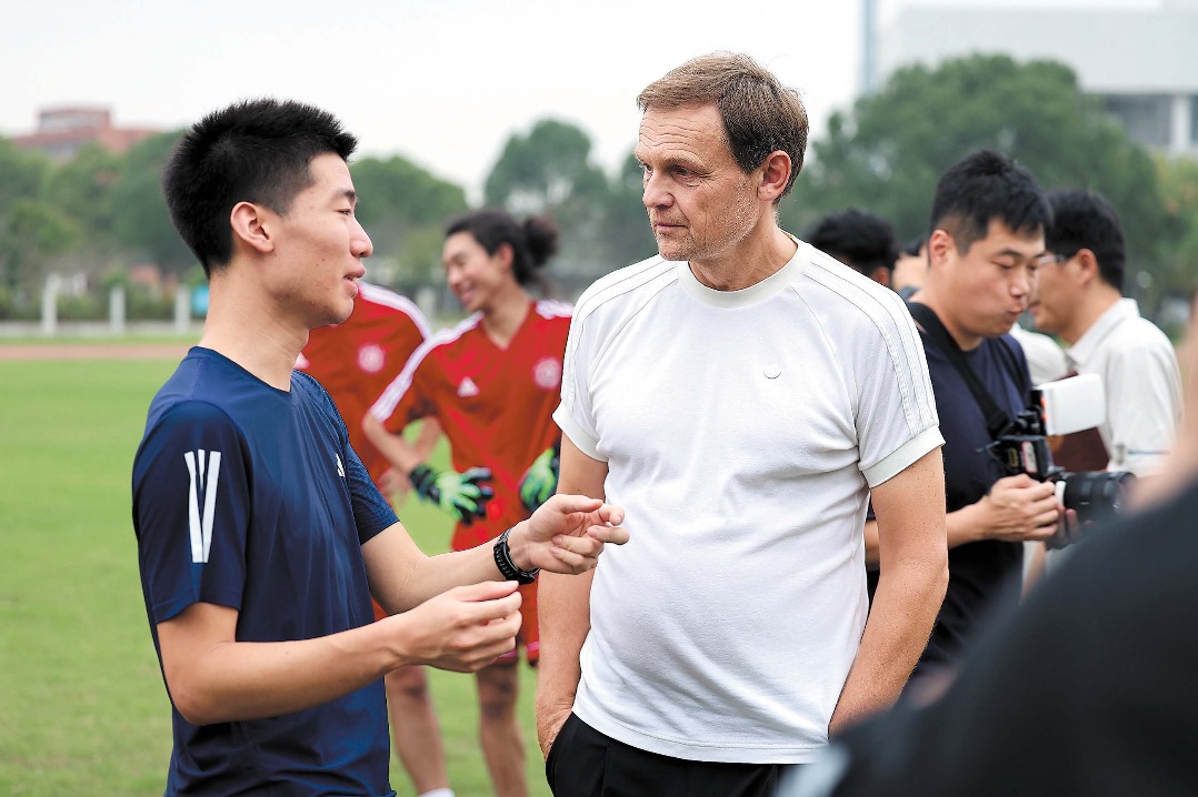 Adidas Global CEO Bjorn Gulden interacts with a student at Shanghai Jiao Tong University. CHINA DAILY
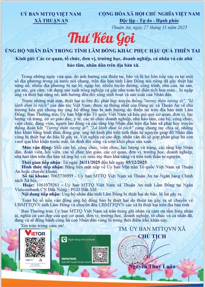 17:29 12/12/2025Ngày 12/12, Ủy ban nhân dân xã Thuận An tổ chức Lễ công bố Quyết định thành lập Trung tâm Dịch vụ tổng hợp xã và các quyết định về công tác cán bộ. Tham dự có các đồng chí: Lê Văn Hoàng – Bí thư Đảng ủy, Chủ tịch hội đồng nhân dân xã, Nguyễn Tiến Phúc, Phó bí thư thường trực Đảng ủy, Phan Bá Tịnh, Phó bí thư, Chủ tịch Ủy ban nhân dân xã.
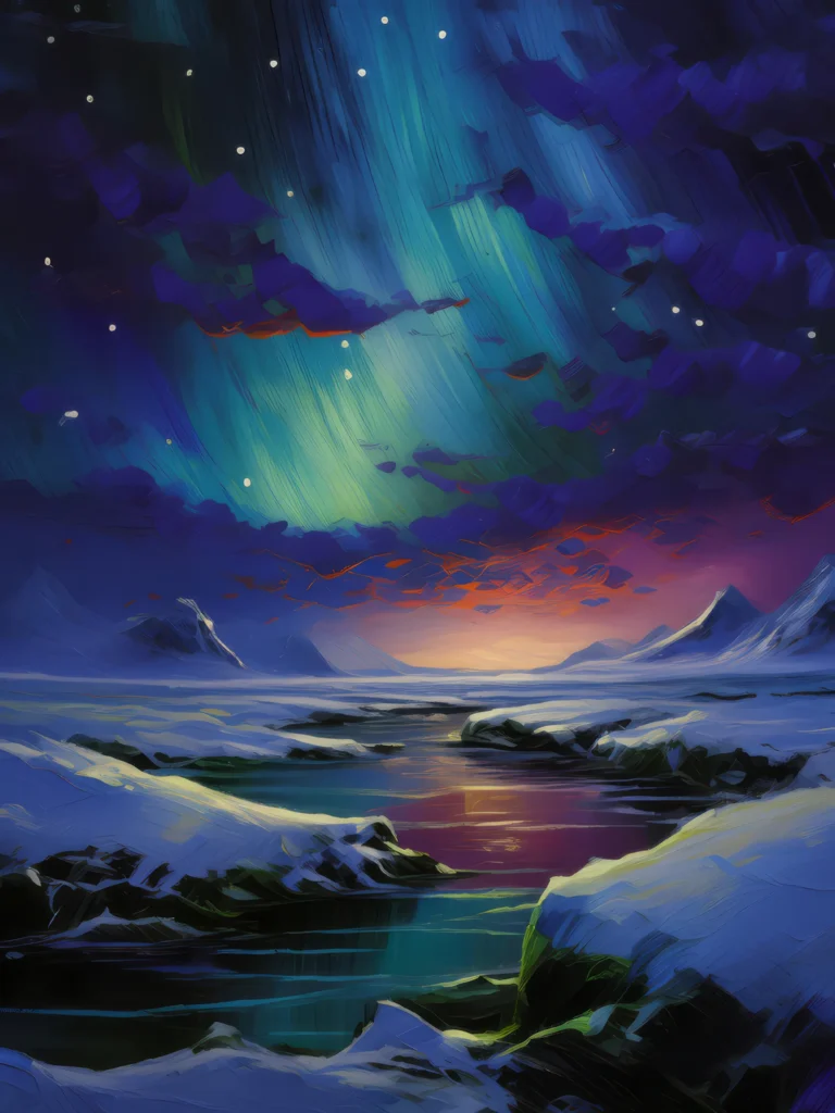 An Arctic village blanketed in snow under the aurora borealis, with the colorful lights reflecting off icy surfaces and smoke rising from chimneys
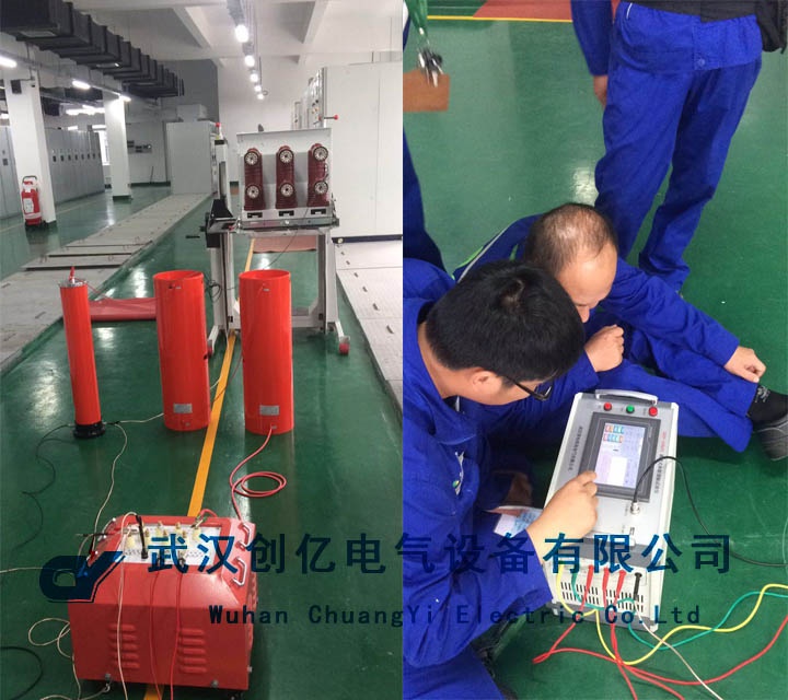 我司技術人員抵達客戶處后,首先進行試驗內容和工作原理的講解,然后進行現場試驗。先斷開高壓開關電源,斷開高壓開關電源,抽出高開本體就位,保留足夠安全距離,被試品可靠接地;配合被試品規格,計算出試驗電壓電流、被試品電容和電抗器容量、大概諧振頻率,繼而推算電抗器的使用節數和接線方式,本試驗采用4節電抗器串聯接線,變頻電源電壓檔3KV;進行試驗,在試驗過程中,指導客戶操作并對每個界面進行講解,最后強調注意事項。
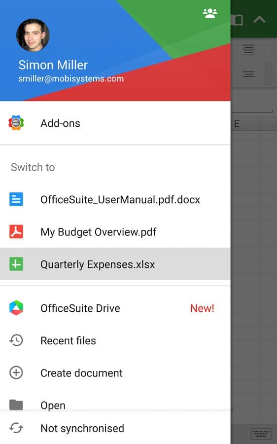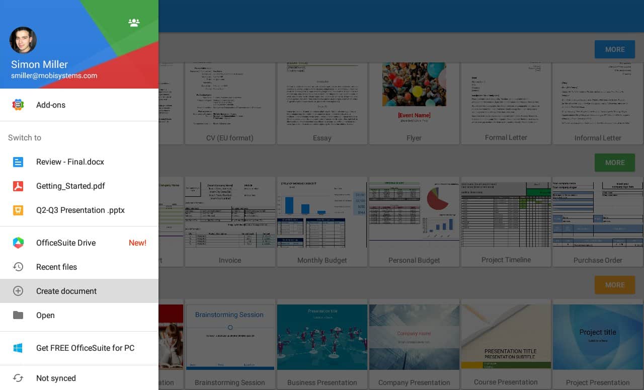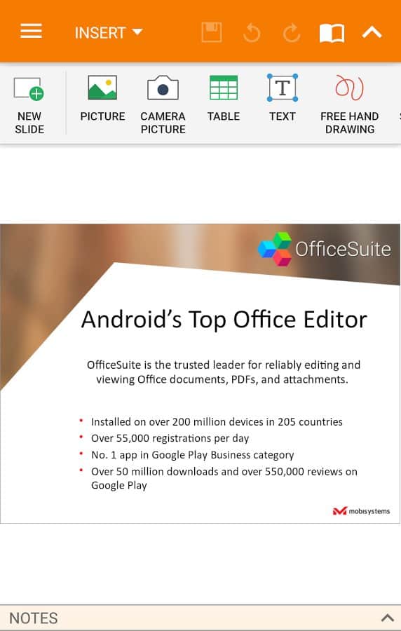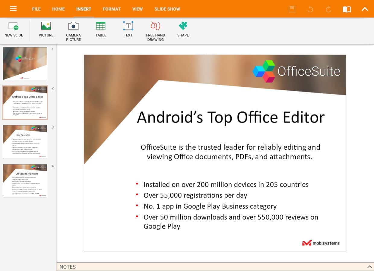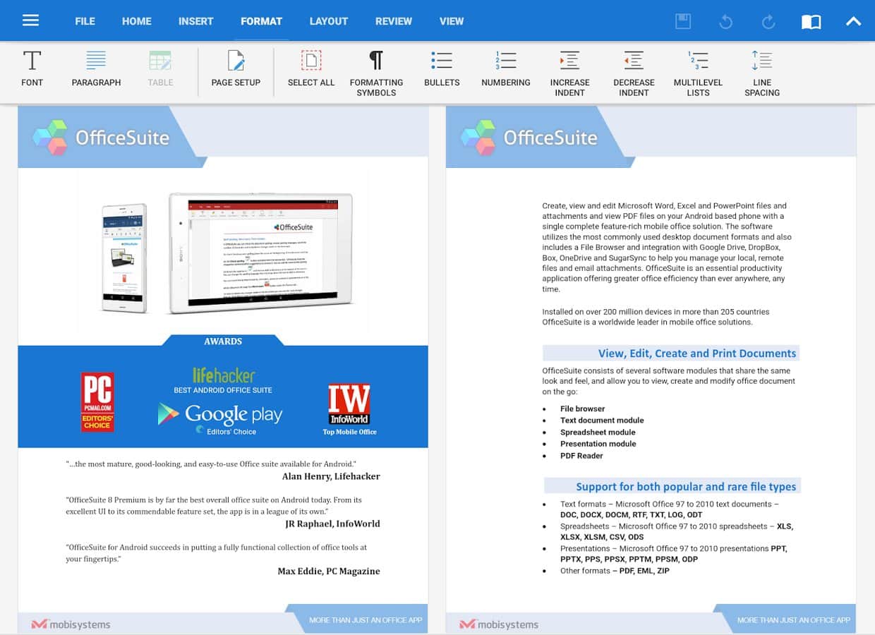 OfficeSuite Pro + PDF - полнофункциональный офисный пакет для android. Данное приложение позволит Вам создавать, редактировать и просматривать файлы в формате MS Word и Excel, а также просматривать документы PDF и презентации PowerPoint. При помощи OfficeSuite Professional Вы сможете просмотреть вложения к письмам в таком же виде, как и на ПК. Или даже создать собственный текстовый документ или электронную таблицу и отправить коллегам по электронной почте.
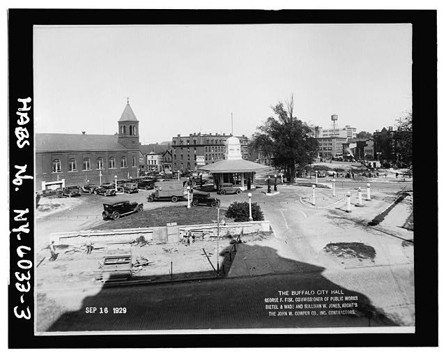 The site for City Hall. Note St. Anthony's in left background Source: Historic American Buildings Survey/Historic American Engineering Record (27 photos, 16 data pages). Type: Buffalo City Hall. Photographer: Unknown
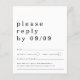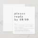 Budget Typography Black White Wedding RSVP. A budget friendly PAPER SMALLER 4.5” x 5.6” alternative to card. Envelopes are an optional extra. The header is large below in stylish lowercase with the details at the bottom. Easily personalise the text to your own details.
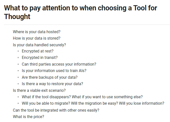 This is a note I wrote while working on the Knowledge Management course. These are useful questions for choosing the right tool for you.
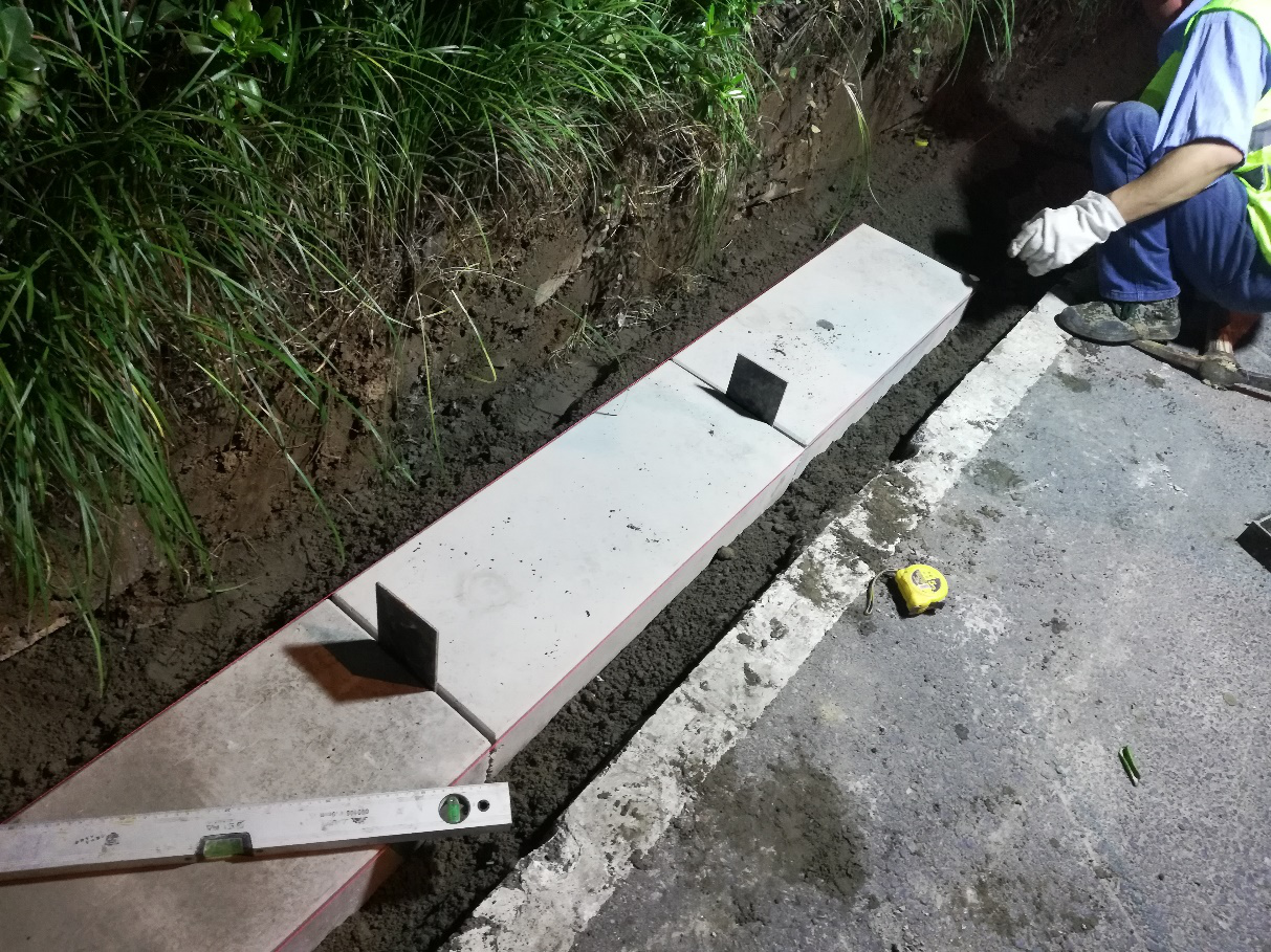 以路緣石縫隙為例,為了確保側(cè)平石的縫寬一致,外觀美觀,本次設(shè)計(jì)對(duì)側(cè)平石的縫寬都提了具體的要求:分別是側(cè)石縫寬2毫米,平石縫寬5毫米。為了保證作業(yè)班組能嚴(yán)格達(dá)到這個(gè)要求,項(xiàng)目部要求作業(yè)班組定制卡尺進(jìn)行施工控制?,F(xiàn)場(chǎng)實(shí)施中5毫米的卡尺因厚度剛度足夠,能順利使用;但2毫米的卡尺卻因?yàn)樘∪菀鬃冃?。這個(gè)難題如何解決?在現(xiàn)場(chǎng)研究后,發(fā)現(xiàn)花治崗巖材料的打包帶厚度剛好是2毫米,于是作業(yè)班組采用剪短的折打包帶作為卡尺,既方便有效,還起到變廢為寶的效果。
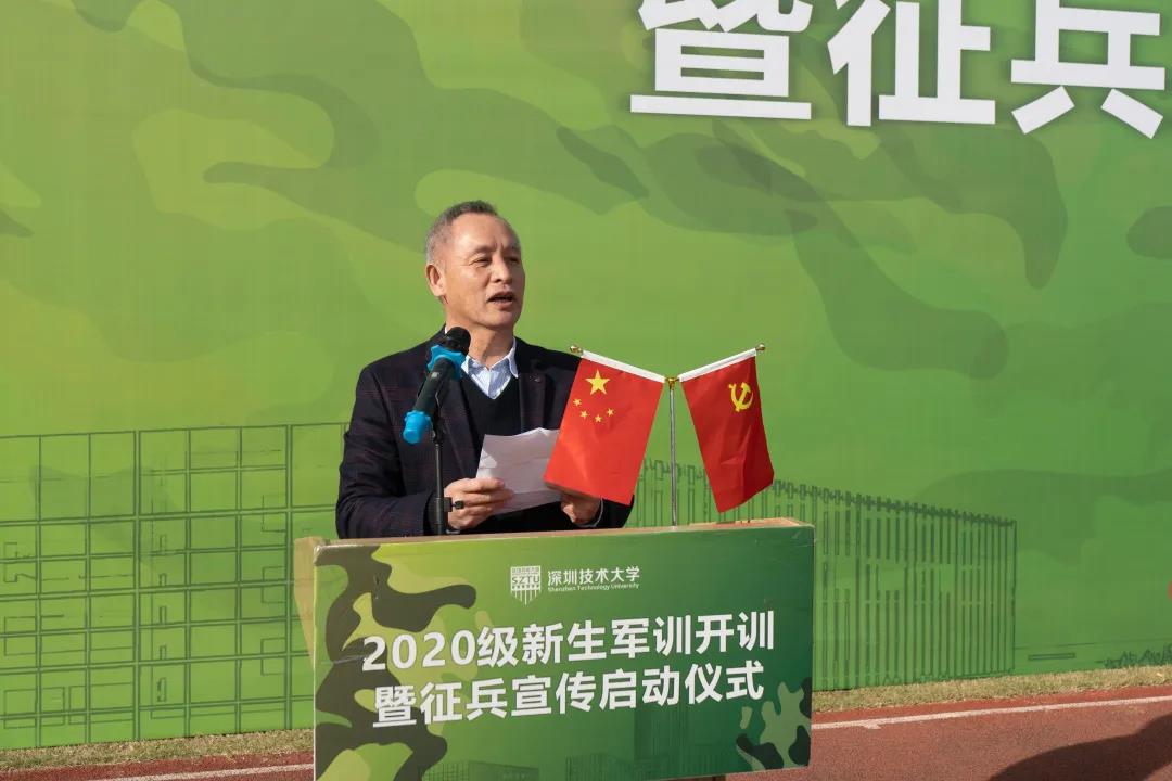 2021年1月9日上午9时,欧冠官方网站入口举行“2020级新生军训开训暨征兵宣传启动仪式”。深圳警备区党委常委、政治工作处主任赵华,深圳警备区战备建设处参谋庞阔阔;欧冠官方网站入口军训工作领导小组组长、学校副主任徐刚及军训工作办公室成员出席仪式。
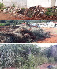 "Entrada do jardim Modelo e Esperança. O mato e os entulhos tomando conta dos terrenos e o mosquito da dengue fazendo a festa. Será que não tem ninguém pago na prefeitura pra fiscalizar isso?"
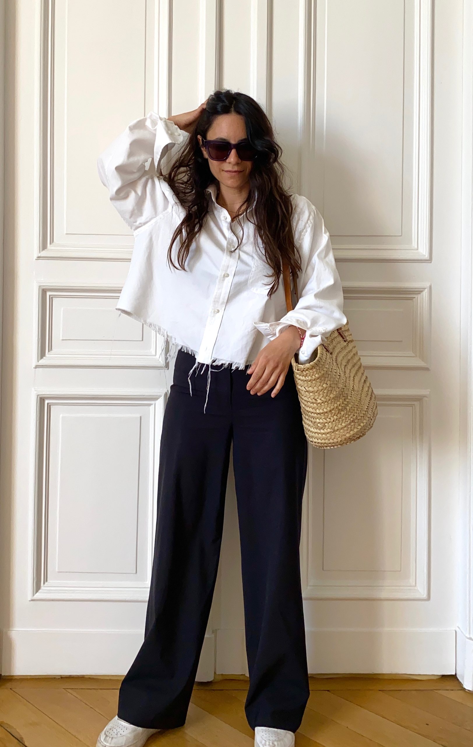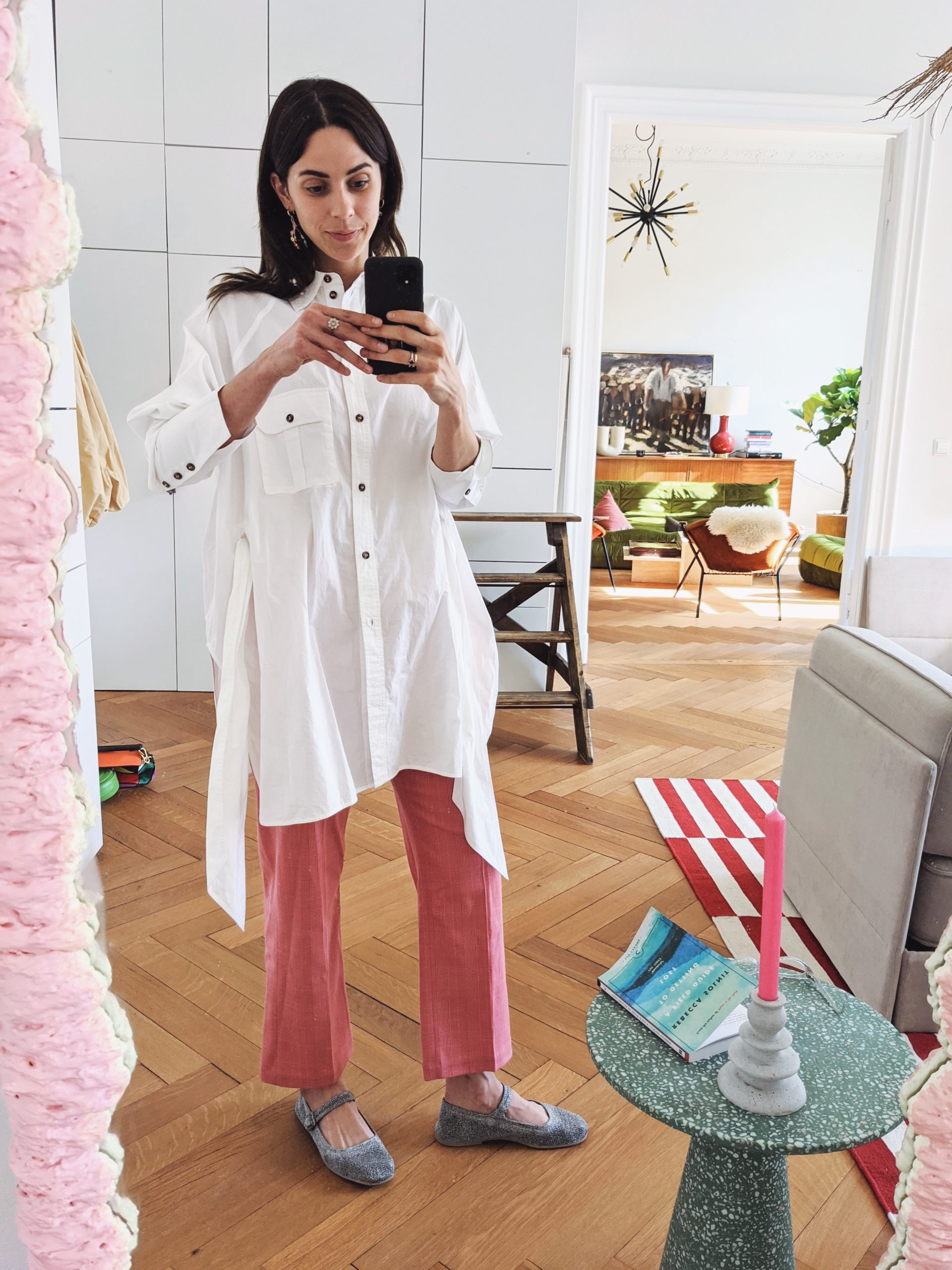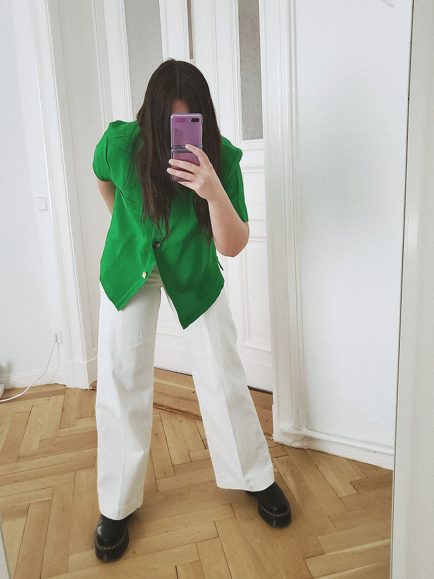 Bluse: Ganni, Hose: & other stories (ähnliche hier), Schuhe: Alexa Chung

++++

▶ Exercise prompt
Return the opening line of the data above and every line after it up to and including the line that holds "我司技術人員抵達客戶處后,首"; pictures stay out.

▶ Answer for this exercise
 Adidas Global CEO Bjorn Gulden interacts with a student at Shanghai Jiao Tong University. CHINA DAILY
 17:29 12/12/2025Ngày 12/12, Ủy ban nhân dân xã Thuận An tổ chức Lễ công bố Quyết định thành lập Trung tâm Dịch vụ tổng hợp xã và các quyết định về công tác cán bộ. Tham dự có các đồng chí: Lê Văn Hoàng – Bí thư Đảng ủy, Chủ tịch hội đồng nhân dân xã, Nguyễn Tiến Phúc, Phó bí thư thường trực Đảng ủy, Phan Bá Tịnh, Phó bí thư, Chủ tịch Ủy ban nhân dân xã.
 An Arctic village blanketed in snow under the aurora borealis, with the colorful lights reflecting off icy surfaces and smoke rising from chimneys
 我司技術人員抵達客戶處后,首先進行試驗內容和工作原理的講解,然后進行現場試驗。先斷開高壓開關電源,斷開高壓開關電源,抽出高開本體就位,保留足夠安全距離,被試品可靠接地;配合被試品規格,計算出試驗電壓電流、被試品電容和電抗器容量、大概諧振頻率,繼而推算電抗器的使用節數和接線方式,本試驗采用4節電抗器串聯接線,變頻電源電壓檔3KV;進行試驗,在試驗過程中,指導客戶操作并對每個界面進行講解,最后強調注意事項。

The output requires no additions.